The idea of advancing young scientists to independence quickly is certainly appealing—but because they skip the postdoc, they reach independence with less experience and typically fewer publications. Do hiring committees look favorably upon these fellows? Calhoun, who was recently offered and plans to accept a position in the chemistry department at the University of Tennessee, Knoxville, says reactions have been mixed.

"Some people were completely unaware of this position, and I was constantly describing and explaining it," she says. "I think overall the attitude was, 'Wow, that sounds really great,' but there was this kind of mixed feeling because on paper I've accomplished less, because I started from an empty room, than I would have if I'd jumped into an established lab. So for them, it was a little unclear how to judge that."

Frankel says that all the people who've gone through the Sandler Fellows program have found jobs in prestigious institutions and departments. And, although the positions themselves are not tenure-track, fellows are encouraged to apply for jobs at UCSF after their fellowships end, Frankel says. Nine of the 16 fellows who've completed the program have been hired as tenure-track faculty at UCSF—including James Fraser, who also won an NIH Early Independence Award. Six others have tenure-track jobs elsewhere—some are already tenured—and one is working as a biotechnology consultant.

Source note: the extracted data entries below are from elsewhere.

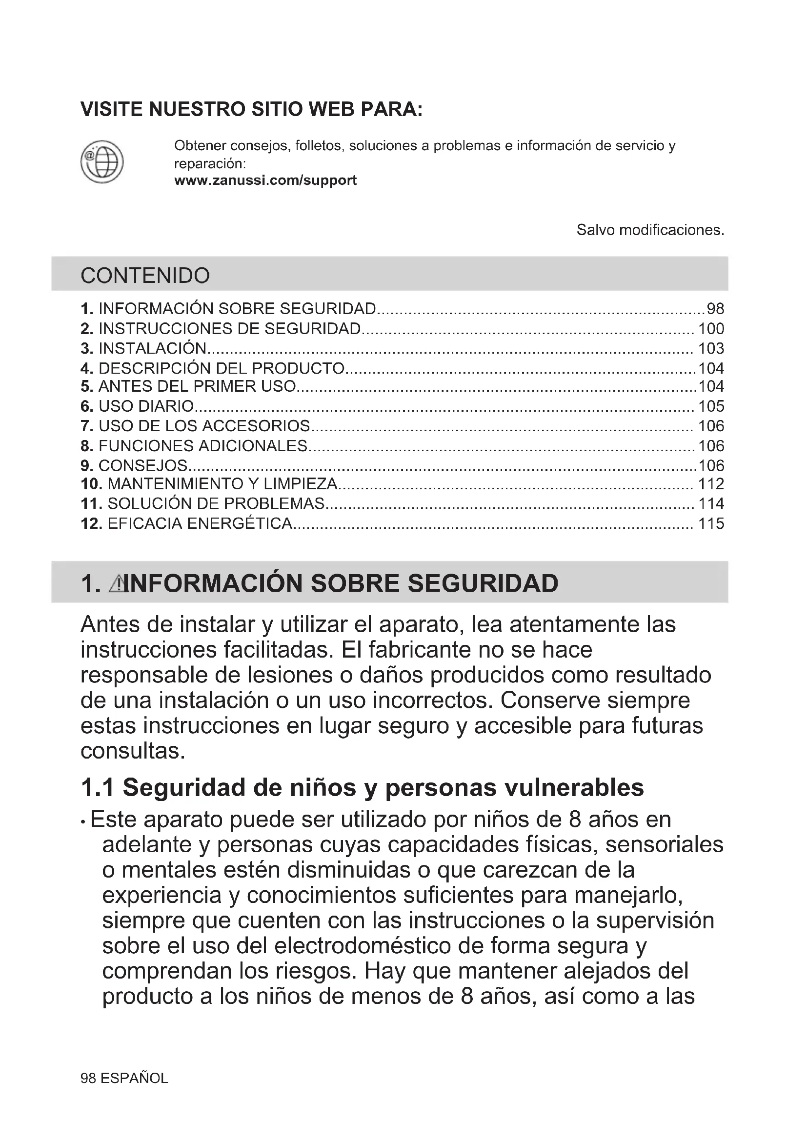- Este aparato puede ser utilizado por niños de 8 años en adelante y personas cuyas capacidades físicas, sensoriales o mentales estén disminuidas o que carezcan de la experiencia y conocimientos suficientes para manejarlo, siempre que cuenten con las instrucciones o la supervisión sobre el uso del electrodoméstico de forma segura y comprendan los riesgos. Hay que mantener alejados del producto a los niños de menos de 8 años, así como a las 98 ESPAÑOLpersonas con minusvalías importantes y complejas, salvo que estén bajo supervisión continua.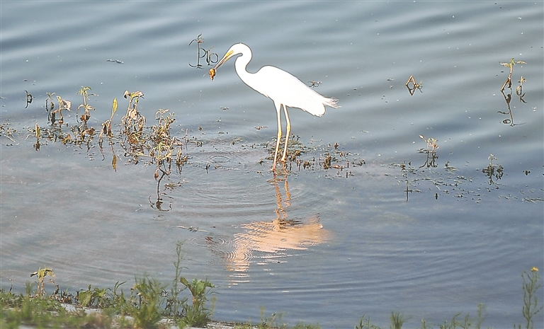 近日,哈爾濱市道里區友誼西路附近的何家溝畔,一只白鷺多次飛到這里休憩、捕魚。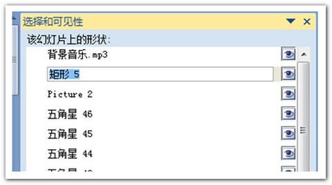 也许很多朋友会说,我在动画窗格中也可以很快进行对象重命名,但是在复杂的动画效果下很难准确的找到需要设置的元素对象,而选择窗格则提供了相对便捷准确的操作可能性,因为这些元素在动画窗格与选择窗格里是一一对应的。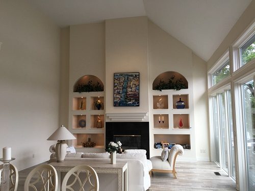 Interior: Your furniture and décor are placed in the center of the room, covered with new plastic, and all flooring is protected with drop cloths.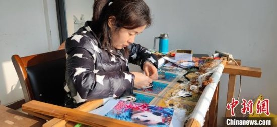 1月17日,位于成都高新區的蜀菁館工作室內,幾位繡娘正在刺繡。不大的工作室里,擺滿了蜀錦、蜀繡作品,其中多以大熊貓為主,均通過數字圖片處理技術設計,這也是“AI新錦繡”與傳統蜀繡最大的區別。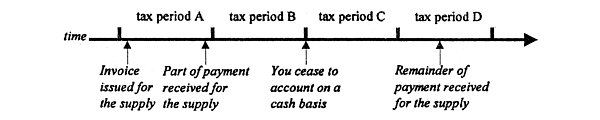 Under section 29-5 , the supply was to some extent attributable to tax period A, but it would have been attributable only to that tax period if you had not been accounting on a cash basis. Therefore the supply is attributable to tax period C (the transition tax period), but only to the extent that it is not attributable to tax period A.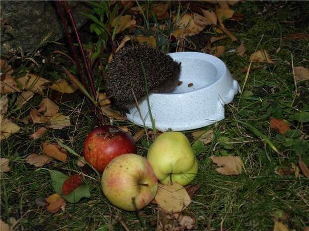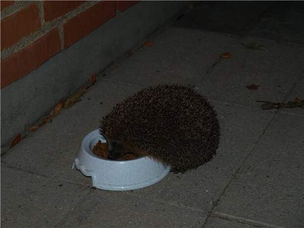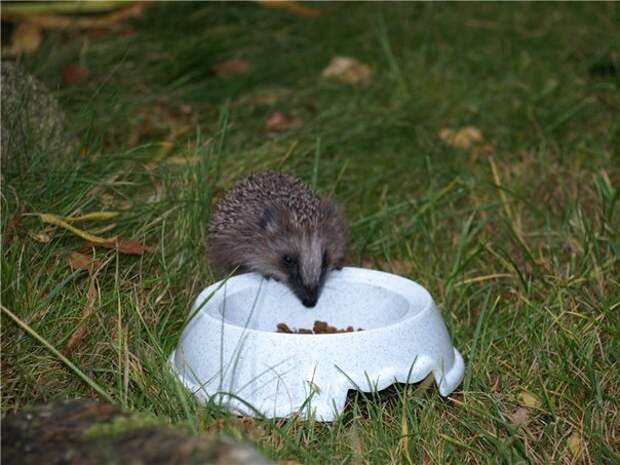 Купила корм для котят (он покалорийнее) и стала его им подкармливать. Корм пришелся ему по вкусу - ел так что треск стоял!!! Сначала ему даже трудно было залезать в чашку и он с нее падал порой. Видите, какой он малюсенький... Каждый вечер я оставляла ему корм, и каждое утро чашка была пустая. Но однажды к корму никто не прикоснулся. Я еще ставила вечерами корм несколько дней, на всякий случай, но уже было ясно - ежик где-то сделал себе норку и наконец-то уснул.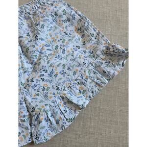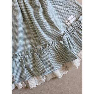 Green microcheck gingham with some yellow and blue on smocking. Shorts are white with green, yellow, and blue floral print.
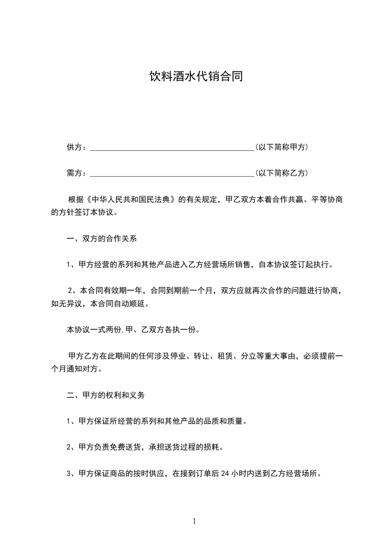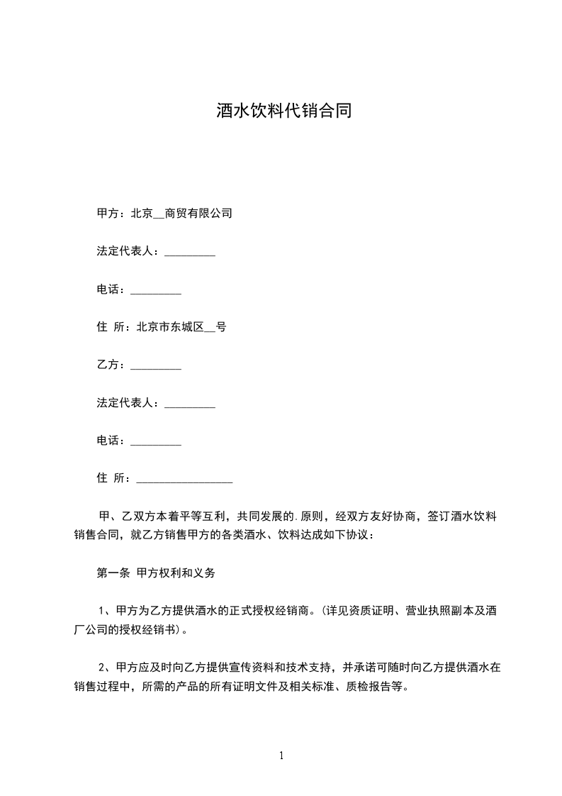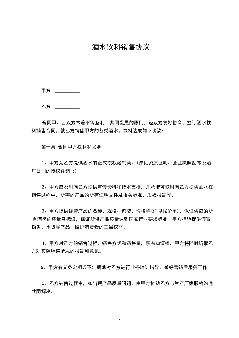⑤、乙方购进的产品如果销售不畅,任何品牌的酒水,甲方有义务随时可调换别的产品或原价办理退货,同时,对于饮料产品,甲方应在过保质期前的半个月内应乙方要求办理退货。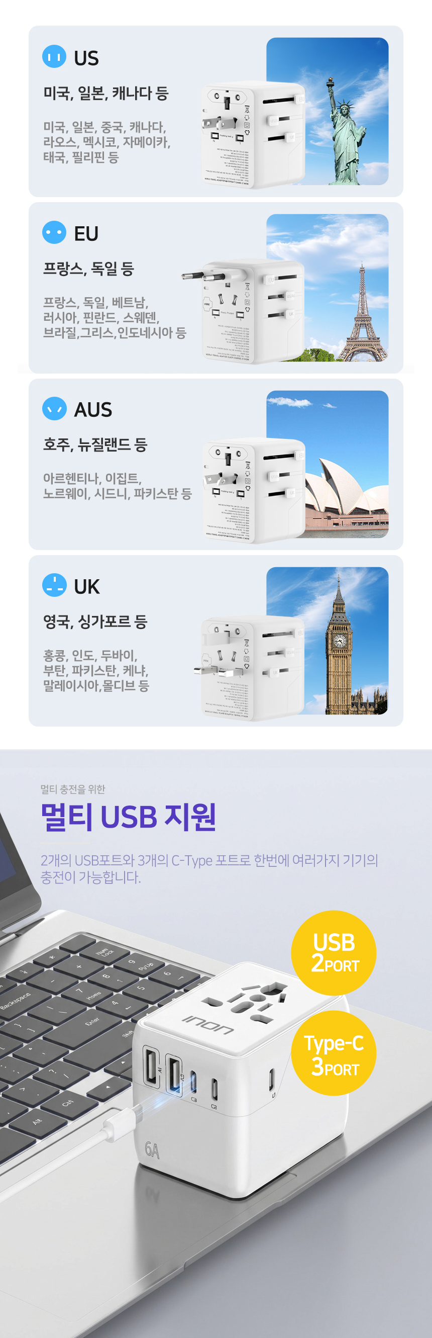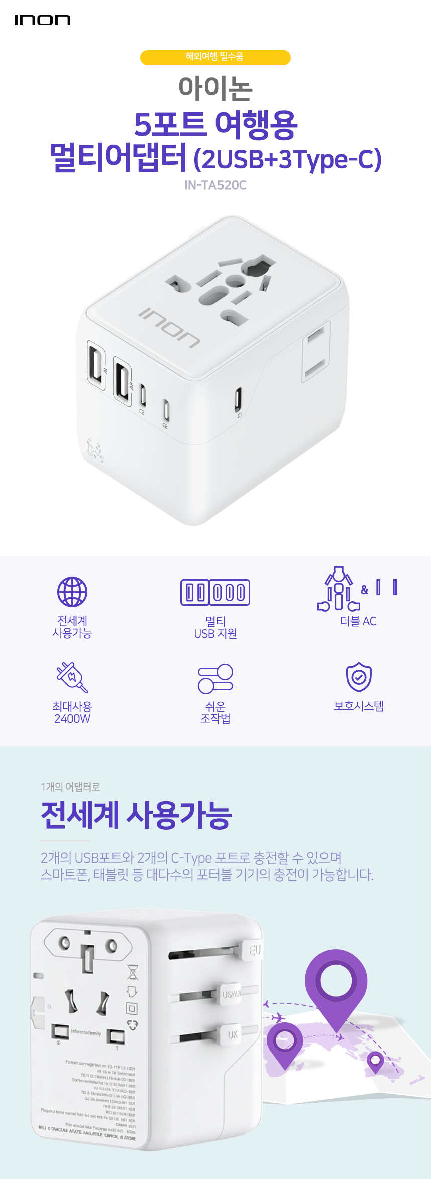 USB 5Æ÷Æ® ÇØ¿Ü ¿©Çà¿ë¾î´ðÅÍ 2USB + 3Type-C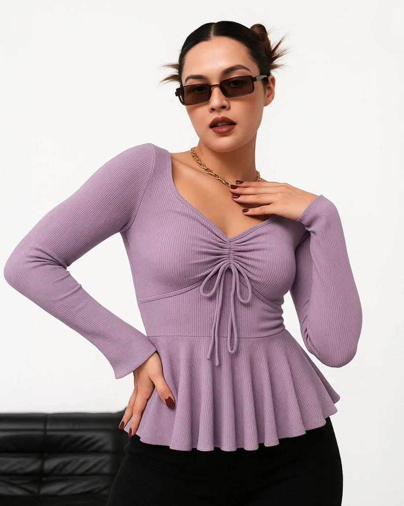 Introducing our V-Neck Drawstring Long Sleeve Top in Lilac. This long sleeve top brings a soft romantic vibe with a touch of playful flare. The ruched drawstring front and flared hemline shape your silhouette in all the right ways while keeping it comfy.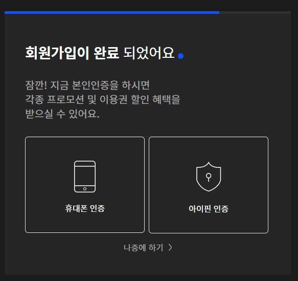 휴대폰으로 본인인증을 해야 하는 것 같아 실명으로 가입 완료!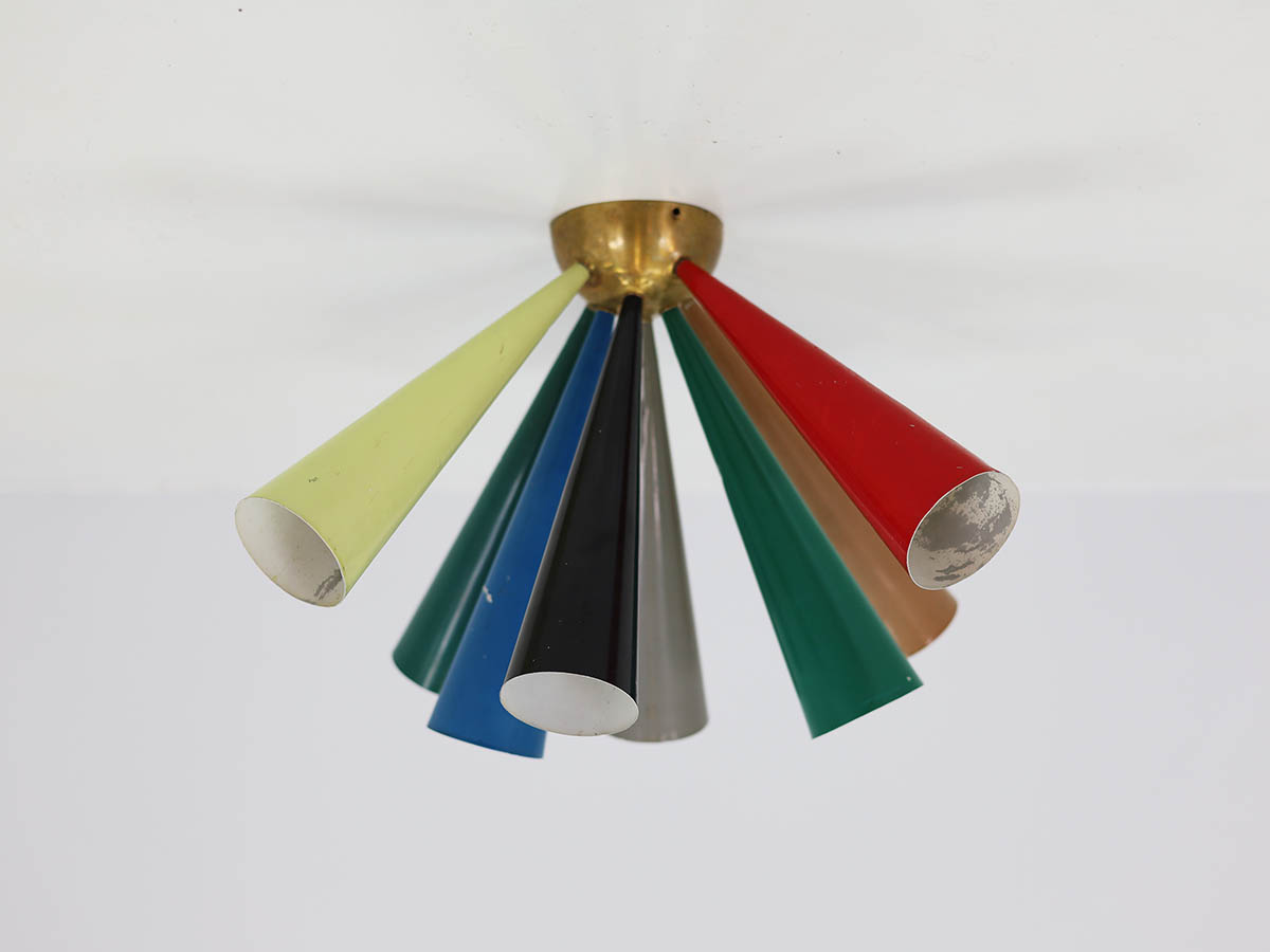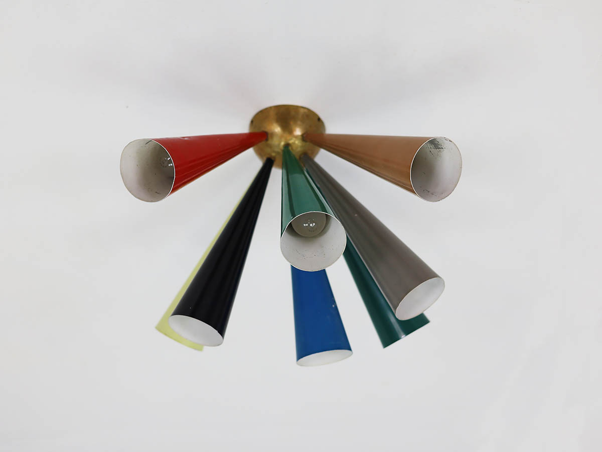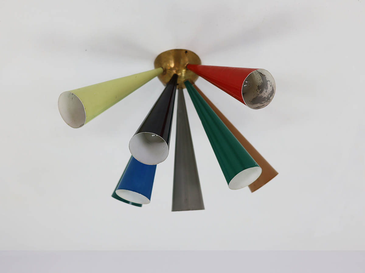 “Diabolo” Lamps – Iconic and Rare Pieces: Among Moor’s most sought-after designs are the Diabolo lamps, featuring conical shades and metal-and-brass bases, with striking color contrasts and adjustable mechanisms. Especially rare is the half-Diabolo version with 7 colored conical tubes, a unique collector’s piece that represents the pinnacle of Moor’s aesthetic and technical innovation for BAG Turgi. These lamps exemplify functional design, chromatic elegance, and top-quality craftsmanship, making them highly prized in the vintage lighting market.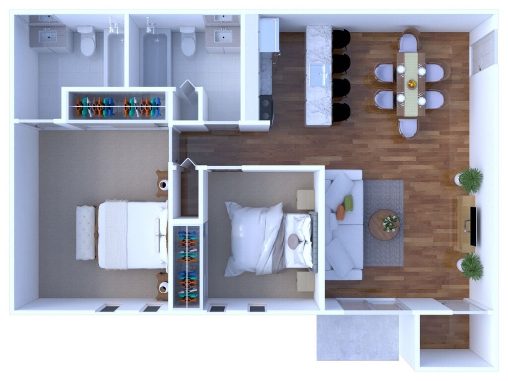 2 Dormitorios, 2 Baños, 850 pies²Galería del Modelo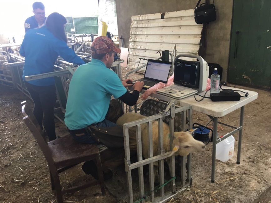 Today Sheep Ireland visited Pallaskenry Agricultural College to Ultrasound scan progeny from CPT rams which were used on the farm last Autumn. Finding additional sources of commercial farm data is hugely beneficial to the €uro-Star evaluations and we are building the volume of commercial data entering our database on an annual basis. We are continually trialling new ways of collecting on farm data and today in Pallaskenry we tested the use of a tablet device to collect a number of phenotypes from each lamb. The use of a tablet on farm has the potential to make data collection for ram breeders and commercial sheep farmers much easier.

Courtesy of Princeton University

David Botstein

Besides talent scouting, UCSF also benefits by getting a new group of bright young scientists every year to energize its other researchers. "We're bringing the best and brightest to our community," Frankel says. "It's a way to kind of refresh the community on a continuing basis, bringing in people with different perspectives. Because they are 5-year positions, that's a constantly renewing resource. It brings real energy to the institution."

David Botstein, the Anthony B. Evnin '62 Professor of Genomics at Princeton and director of the Lewis-Sigler Fellows program, adds that while the fellows' contributions to research are indeed vital, the program values their teaching abilities, as well. The fellows are required to teach in Princeton's Integrated Science curriculum, an innovative undergraduate program aimed at students interested in a career in science.

"The fellows are one of the major reasons for the success of the undergraduate program," he says. "In other places, the fellows would be expected to raise their own money, but we say, 'No, no, if you're going to do something that's valuable for us, we're going to pay you for it by making it possible to not have to raise your own money.' "

Despite the benefits these early-career independence programs have for both the fellows and their awarding institutions, Frankel cautions against expanding such programs. "The biggest issue, I think, is the question of quality and maturity," he says. "[H]ow many candidates are there who could really fit the bill here, who are really ready to go right from the beginning? There's clearly enough to populate a few of these really stellar fellows programs, … but if one were to ask, 'Is this going to be a model that's going to work at a broader national level?' I wouldn't be so sure about that."

 

Michael Price is a staff writer for Science Careers.